### DATA IN THIS EXERCISE
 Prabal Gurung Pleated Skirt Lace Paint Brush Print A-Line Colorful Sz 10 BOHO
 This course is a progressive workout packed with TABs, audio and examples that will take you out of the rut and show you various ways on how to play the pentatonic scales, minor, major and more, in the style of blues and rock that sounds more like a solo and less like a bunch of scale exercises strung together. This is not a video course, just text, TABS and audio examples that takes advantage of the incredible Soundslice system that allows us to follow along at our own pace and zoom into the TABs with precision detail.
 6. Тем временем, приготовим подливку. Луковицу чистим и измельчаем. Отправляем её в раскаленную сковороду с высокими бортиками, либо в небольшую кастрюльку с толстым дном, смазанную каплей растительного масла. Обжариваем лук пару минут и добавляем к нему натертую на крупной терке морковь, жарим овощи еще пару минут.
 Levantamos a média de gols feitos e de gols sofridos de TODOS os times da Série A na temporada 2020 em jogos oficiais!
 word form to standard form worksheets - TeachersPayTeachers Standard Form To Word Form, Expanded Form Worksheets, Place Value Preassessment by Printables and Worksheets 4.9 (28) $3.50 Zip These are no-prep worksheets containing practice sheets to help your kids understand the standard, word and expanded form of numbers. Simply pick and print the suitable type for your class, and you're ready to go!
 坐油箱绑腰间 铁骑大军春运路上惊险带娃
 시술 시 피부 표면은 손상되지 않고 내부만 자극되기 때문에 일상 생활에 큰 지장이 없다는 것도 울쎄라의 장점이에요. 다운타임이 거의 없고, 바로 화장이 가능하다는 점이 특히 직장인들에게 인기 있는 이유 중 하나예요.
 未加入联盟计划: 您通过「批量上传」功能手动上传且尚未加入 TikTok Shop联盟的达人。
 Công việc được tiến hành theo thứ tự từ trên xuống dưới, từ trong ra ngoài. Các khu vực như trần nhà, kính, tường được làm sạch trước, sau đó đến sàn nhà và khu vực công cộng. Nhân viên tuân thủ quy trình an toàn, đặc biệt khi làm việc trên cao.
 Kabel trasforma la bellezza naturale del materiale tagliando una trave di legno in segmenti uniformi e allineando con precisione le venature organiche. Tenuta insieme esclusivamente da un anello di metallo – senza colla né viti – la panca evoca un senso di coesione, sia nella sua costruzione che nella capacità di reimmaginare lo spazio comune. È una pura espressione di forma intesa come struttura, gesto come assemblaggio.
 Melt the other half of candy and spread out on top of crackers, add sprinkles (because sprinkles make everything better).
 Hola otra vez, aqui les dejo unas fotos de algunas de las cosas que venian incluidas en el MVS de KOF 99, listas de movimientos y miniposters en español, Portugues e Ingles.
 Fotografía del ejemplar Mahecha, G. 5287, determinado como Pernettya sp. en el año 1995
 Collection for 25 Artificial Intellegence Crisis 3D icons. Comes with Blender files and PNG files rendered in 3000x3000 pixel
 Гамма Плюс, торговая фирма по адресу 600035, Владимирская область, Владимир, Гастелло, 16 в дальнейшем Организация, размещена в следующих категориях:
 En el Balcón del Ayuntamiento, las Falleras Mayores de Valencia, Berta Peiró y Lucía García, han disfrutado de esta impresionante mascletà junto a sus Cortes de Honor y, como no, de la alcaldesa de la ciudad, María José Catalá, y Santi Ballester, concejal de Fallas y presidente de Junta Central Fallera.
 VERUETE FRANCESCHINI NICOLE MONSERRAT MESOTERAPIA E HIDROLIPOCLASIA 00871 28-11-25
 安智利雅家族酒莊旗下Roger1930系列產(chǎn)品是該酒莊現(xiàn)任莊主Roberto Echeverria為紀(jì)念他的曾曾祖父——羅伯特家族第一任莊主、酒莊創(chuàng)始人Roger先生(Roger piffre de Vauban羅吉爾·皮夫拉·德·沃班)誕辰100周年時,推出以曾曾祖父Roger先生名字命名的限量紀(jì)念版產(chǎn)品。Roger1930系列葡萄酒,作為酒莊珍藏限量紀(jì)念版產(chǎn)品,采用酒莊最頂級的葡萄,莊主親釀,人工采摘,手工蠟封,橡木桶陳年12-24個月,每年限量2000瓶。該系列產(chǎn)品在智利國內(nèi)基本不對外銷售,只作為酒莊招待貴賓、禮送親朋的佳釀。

### REQUIREMENT
Copy every line of the entries above in which "como" occurs.

### TASK ANSWER
 Fotografía del ejemplar Mahecha, G. 5287, determinado como Pernettya sp. en el año 1995
 En el Balcón del Ayuntamiento, las Falleras Mayores de Valencia, Berta Peiró y Lucía García, han disfrutado de esta impresionante mascletà junto a sus Cortes de Honor y, como no, de la alcaldesa de la ciudad, María José Catalá, y Santi Ballester, concejal de Fallas y presidente de Junta Central Fallera.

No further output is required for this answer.